Related: 'Extremely active' hurricane season is 3rd worst on record

This Atlantic storm season has already racked up the most consecutive hurricanes since the late 19th century and brought devastation to Florida, Texas and Puerto Rico. Europe had a taste of the stormy conditions early this month from the remnants of hurricanes Maria and Lee, which helped push U.K. wind-power generation to a record. 

“What normally happens with these things is that we get some really good production,” said Stephen Lilley, a partner at Greencoat Capital LLP, which manages funds that invest in wind farms including four in Northern Ireland. “We generate up to 50 miles per hour, which is pretty windy, but above that, you turn it off. It’s never up there for very long.”

Chance of damage to tile roofs

Ophelia is likely to cause transport delays, and there’s a slight chance of power cuts and damage to tile roofs on buildings on Monday, the Met Office said as it issued a wind warning for that day. U.K. wind generation is forecast to reach a record 9.3 gigawatts on Oct. 19, beating the previous high of 8.9 gigawatts at the start of the month.

“There may be gale-force winds, or even severe gale-force winds, on Monday, possibly Tuesday,” said Nicola Maxey, a spokeswoman for the U.K. Met Office, which is based in Exeter, England. The west coasts of Ireland and England will probably be worst hit.

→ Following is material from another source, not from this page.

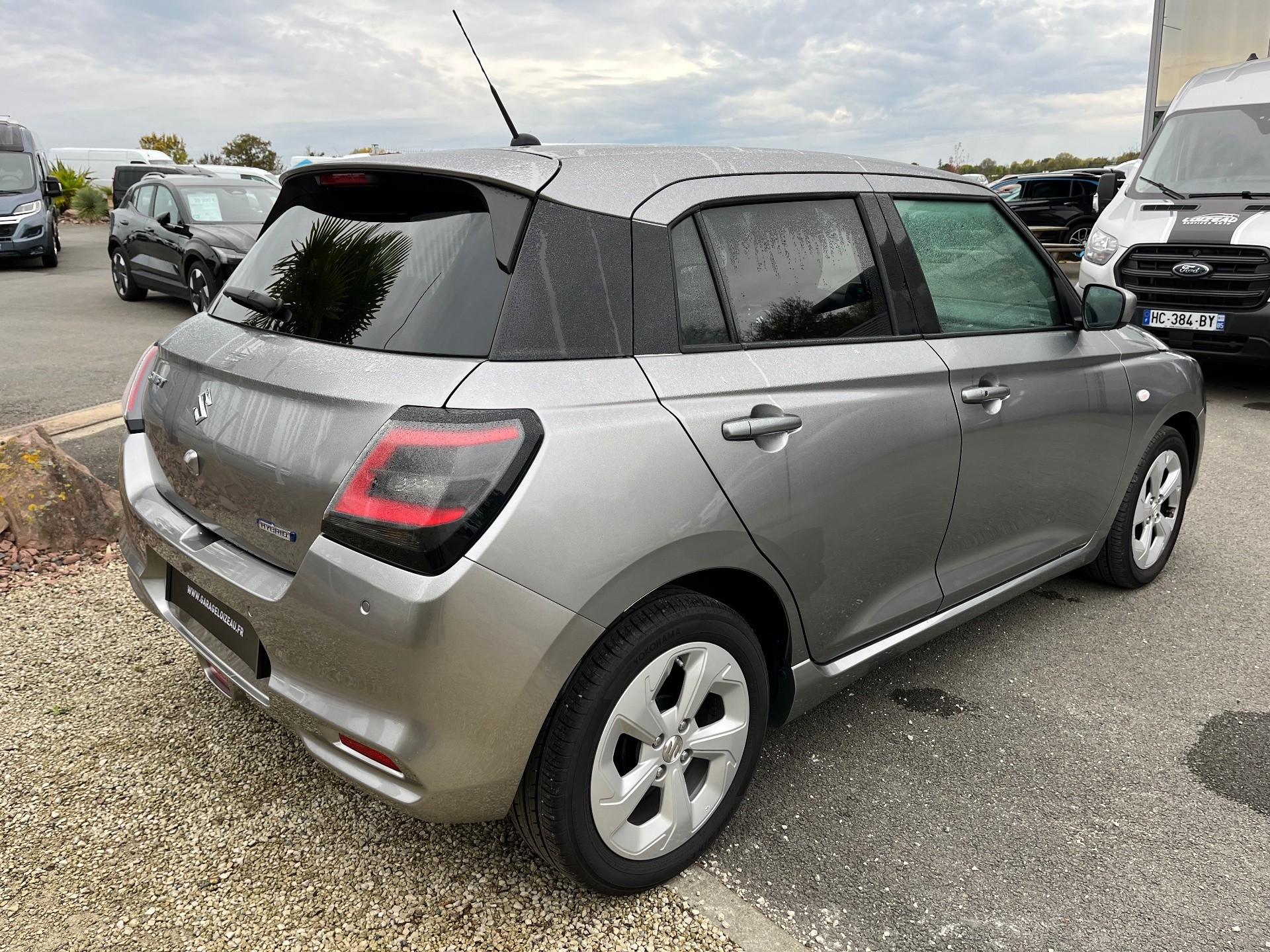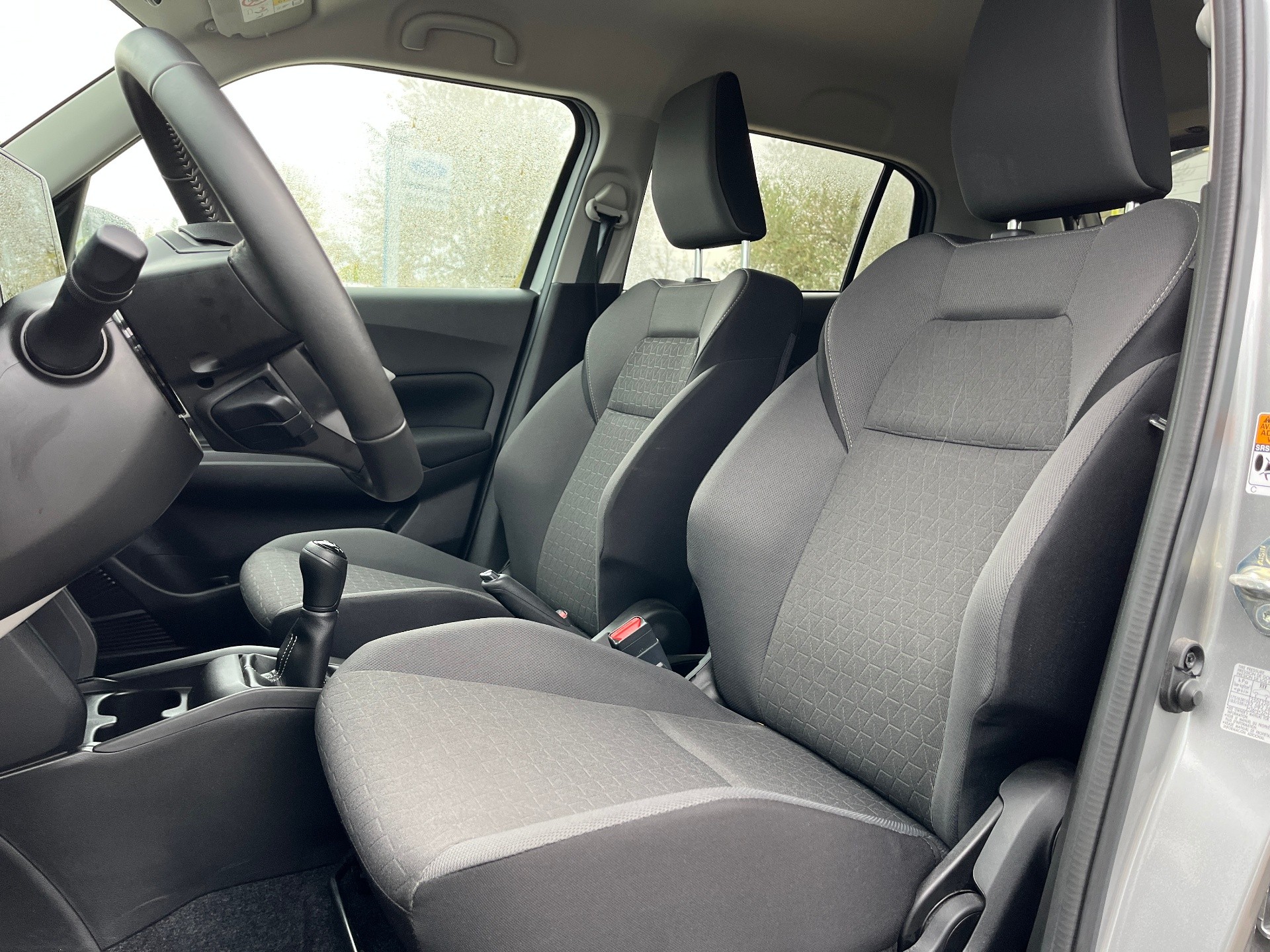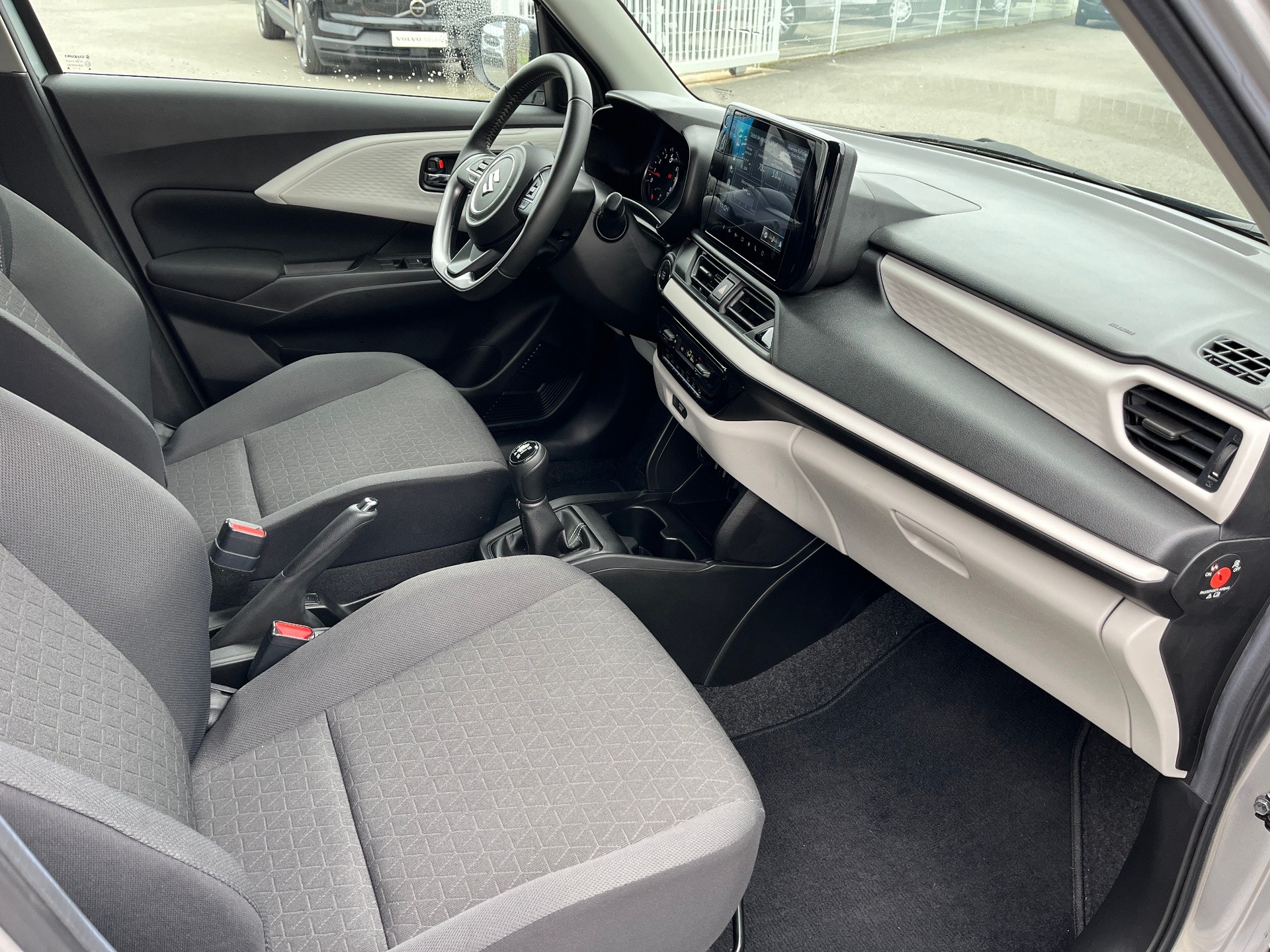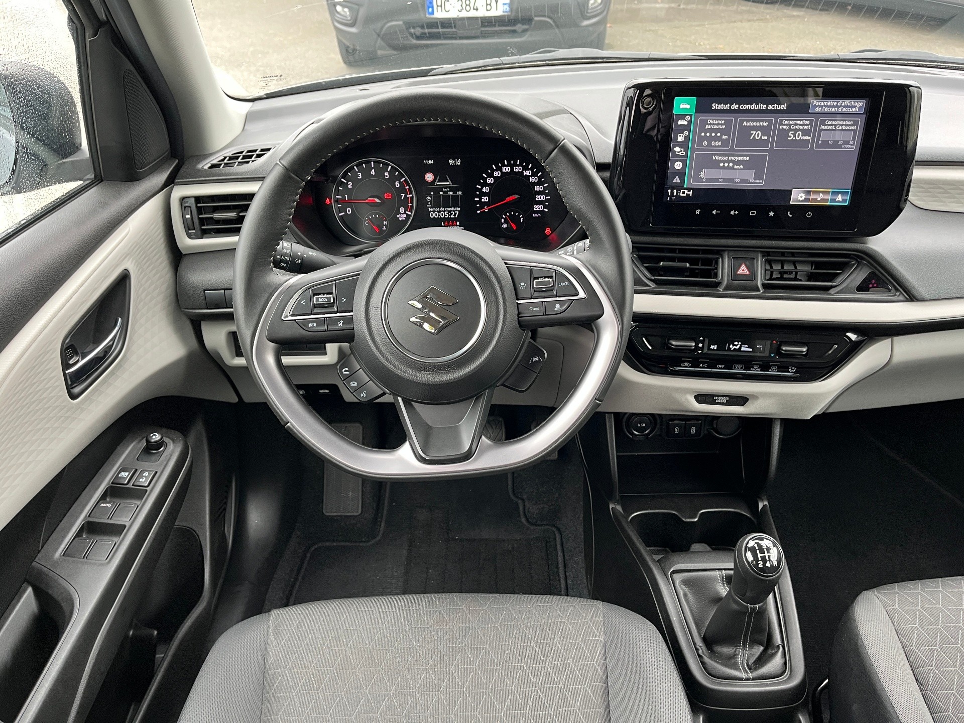 ABS avec EBD (repartiteur electronique de freinage)Adaptation intelligente a la vitesse avec limiteur de vitesseAide au demarrage en coteAide au maintien dans la voieAir conditionne manuel avec affichage digitalAlerte de changement de trajectoireAllumage automatique des feuxCalandre noire laquee en nid d'abeillesCapteurs de stationnement AR (x4)Controle du regulateur et du limiteur de vitesse sur le volantDetecteurs d'angles mortsDispositif d'ouverture et de demarrage sans cleEngine Auto Stop Start systemFeux de jour LED (integres dans les projecteurs)Fixation ISOFIX aux places AR pour sieges enfants (x2)Freinage actif d'urgence (DSBS II) avec detection des pietons, velos et motGestion automatique des feux de croisement / feux de routeHybrid SHVS (Smart Hybrid Vehicle by Suzuki)Jantes en alliage leger 16" et pneumatiques 185/55 R16Leve-vitres electriques ARLeve-vitres electriques AVOrdinateur de bord avec ecran couleur LCD 4.2''Projecteurs & feux AR a LEDReconnaissance des panneaux de signalisation ameliore (TSR)Regulateur de vitesse adaptatif (ACC)Retroviseurs exterieurs reglables electriquement et degivrants avec detecteurs d'angles mortsSecurite enfant aux portes ARSellerie tissu noire et griseSieges AV chauffantsSysteme Audio avec HP aux places AV et connexion BluetoothSysteme multimedia avec ecran tactile 9" : camera de recul, connectivite Smartphone sans filVitres et lunette AR surteinteesVolant 3 branches gaine cuir

While a stormy day for Monday is possible, “uncertainty remains, due to the nature of the track of the Atlantic storm system,” Ireland’s Met Eireann said on its website. The storm has the potential to be a “high impact event” in some parts of the country.

Ophelia’s maximum sustained winds are now 90 miles (144 kilometers) per hour, the NHC said in an advisory on its website. That’s twice as high as gale force winds, which top out at 54 miles per hour.

Likely to lose intensity

As the storm travels northeast, it’ll probably lose intensity as it moves away from the warm water needed to sustain it, said Maxey at the U.K. Met Office.

“It will become an ex storm,” she said. “They dissipate quite quickly once they hit land.”

Related: Catastrophe global re/insurance losses will exceed $100 billion in 2017, Fitch says

The Atlantic season ranked seventh on the all-time list in terms of energy produced by hurricanes and tropical storms.

This year’s tally of 15 storms is above the seasonal average of 12, but less than the record 28 in 2005.